The benefits to the healthcare system claimed by the company are:
 The Spectra Optia Apheresis System maintains haematocrit levels which
prevents iron overloading. This allows for the reduction or cessation of
treatment (within 12–18 months, depending on the severity of iron
overloading) with high cost, infusion-pump administered iron chelator
desferrioxamine or oral chelators such as deferasirox and deferiprone.
 Reduced hospital stay and staff time are needed as automated red blood
cell exchange can be performed by a trained nurse, is faster (2–3 hours for
6–8units), and allows for an increased interval between treatments (every
6–8 weeks). During manual red blood cell exchange, doctors are required
to estimate haematocrit levels so that each unit of blood drawn off is
replaced by the correct volume of packed red blood cells. This procedure
can last for between 6 hours (3–4 units exchanged) and 2 days (8 units
exchanged) depending on the patient’s sickle haemoglobin (HbS) levels.

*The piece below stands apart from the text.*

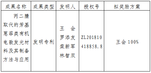 按照《九游会在线登录官网促进科技成果转化实施办法》(西大科〔2019〕5号)相关规定,拟对九游会在线登录官网化学与材料科学学院王会副教授作为成果负责人的1项发明专利权实施转化,现将相关信息公示如下:

Manual red blood cell exchange should be repeated every 3–4 weeks.
 Reduced complications from sickle cell disease leading to reduced
hospitalisations and associated treatment.

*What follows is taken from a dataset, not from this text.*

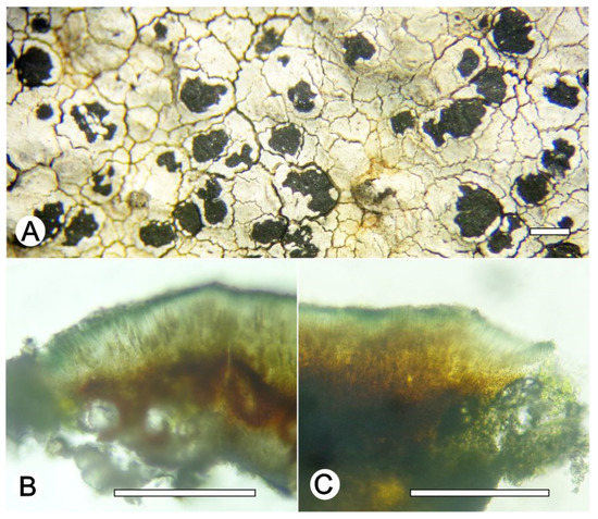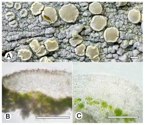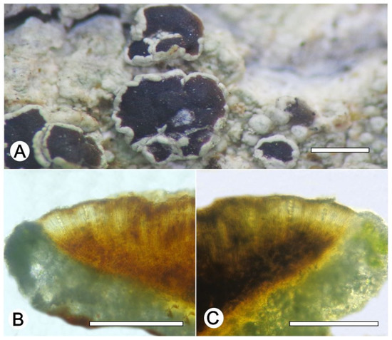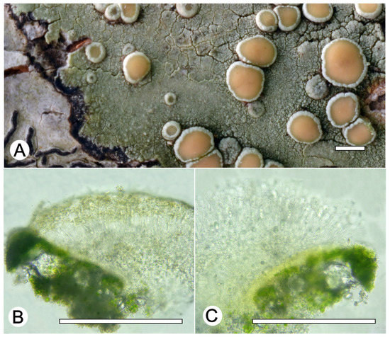 Lecanora glaucomodes. (A) Thallus with ascomata (ISE-46533); (B) Apothecial section in water (ISE-46533); (C) Apothecial section after KOH treatment (ISE-46533). Scale bars: (A), 1 mm; (B,C), 100 μm.

 The depletion-exchange protocol of the machine makes better use of donor
blood as only the required fraction is used allowing the remaining blood
components to be used in other patients.
1.4
Relevant diseases and conditions
Patients with sickle cell disease have a mutated variant of haemoglobin that
causes red blood cells to form a distinctive sickle shape. These red blood cells
do not flow easily and can cause blockages, known as vaso-occlusive crises.
This can occur in any part of the body but is most serious when it restricts the
blood flow to major organ systems.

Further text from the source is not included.